6-18 SECTION 11. Subsections (a) and (b), Section 57.047,
6-19 Utilities Code, are amended to read as follows:
6-20 (a) The board may award a grant to a project or proposal
6-21 that:
6-22 (1) provides equipment and infrastructure necessary
6-23 for:
6-24 (A) distance learning;
6-25 (B) an information sharing program of a library;
6-26 [or]
6-27 (C) telemedicine medical services; or
6-28 (D) telehealth services;
6-29 (2) develops and implements the initial or
6-30 prototypical delivery of a course or other distance learning
6-31 material;
6-32 (3) trains teachers, faculty, librarians, or
6-33 technicians in the use of distance learning or information sharing
6-34 materials and equipment;
6-35 (4) develops a curriculum or instructional material
6-36 specially suited for telecommunications delivery;
6-37 (5) provides electronic information; or
6-38 (6) establishes or carries out an information sharing
6-39 program.
6-40 (b) The board may award a loan to a project or proposal to
6-41 acquire equipment needed for distance learning and telemedicine
6-42 medical service projects.
6-43 SECTION 12. Subsection (a), Section 58.253, Utilities Code,
6-44 is amended to read as follows:
6-45 (a) On customer request, an electing company shall provide
6-46 private network services to:
6-47 (1) an educational institution;
6-48 (2) a library;
6-49 (3) a nonprofit telemedicine center;
6-50 (4) a public or not-for-profit hospital;
6-51 (5) a project funded by the telecommunications
6-52 infrastructure fund under Subchapter C, Chapter 57, except to the
6-53 extent the project benefits a health care facility that:
6-54 (A) is not supported by local or regional tax
6-55 revenue;
6-56 (B) is not a certified nonprofit health
6-57 corporation under federal law; or
6-58 (C) is not an ambulatory health care center; or
6-59 (6) a legally constituted consortium or group of
6-60 entities listed in this subsection.
6-61 SECTION 13. Not later than January 1, 2002, the Health and
6-62 Human Services Commission shall adopt rules required by Section
6-63 531.0217, Government Code, as amended by this Act.
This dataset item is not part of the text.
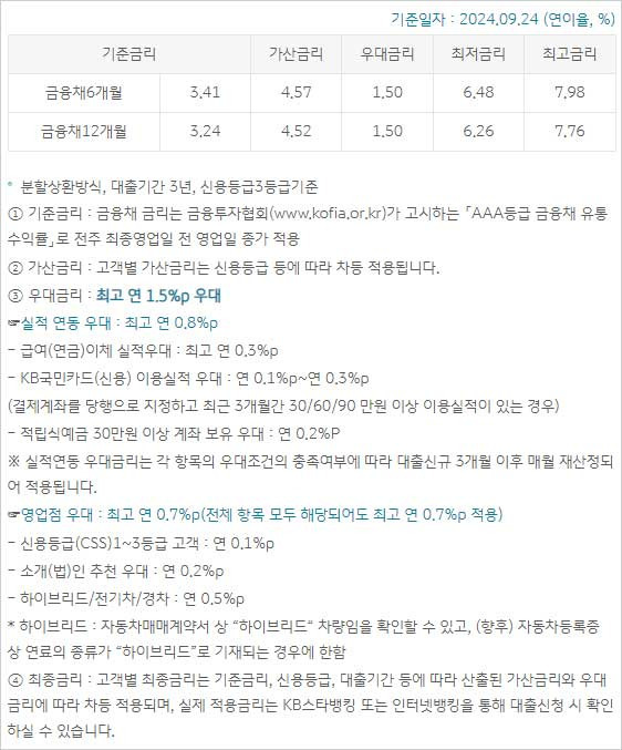 참고로 국민은행 중고자동차 대출 상품은 금리인하 요구권 및 대출계약 철회권, 위법계약 해지권 신청이 가능한 상품이라고 하며 금리 이자 이율 및 관련내용은 다음과 같다고 합니다.

6-64 SECTION 14. If before implementing any provision of this Act
6-65 a state agency determines that a waiver or authorization from a
6-66 federal agency is necessary for implementation of that provision,
6-67 the agency affected by the provision shall request the waiver or
6-68 authorization and may delay implementing that provision until the
6-69 waiver or authorization is granted.
7-1 SECTION 15. This Act takes effect immediately if it receives
7-2 a vote of two-thirds of all the members elected to each house, as
7-3 provided by Section 39, Article III, Texas Constitution. If this
7-4 Act does not receive the vote necessary for immediate effect, this
7-5 Act takes effect September 1, 2001.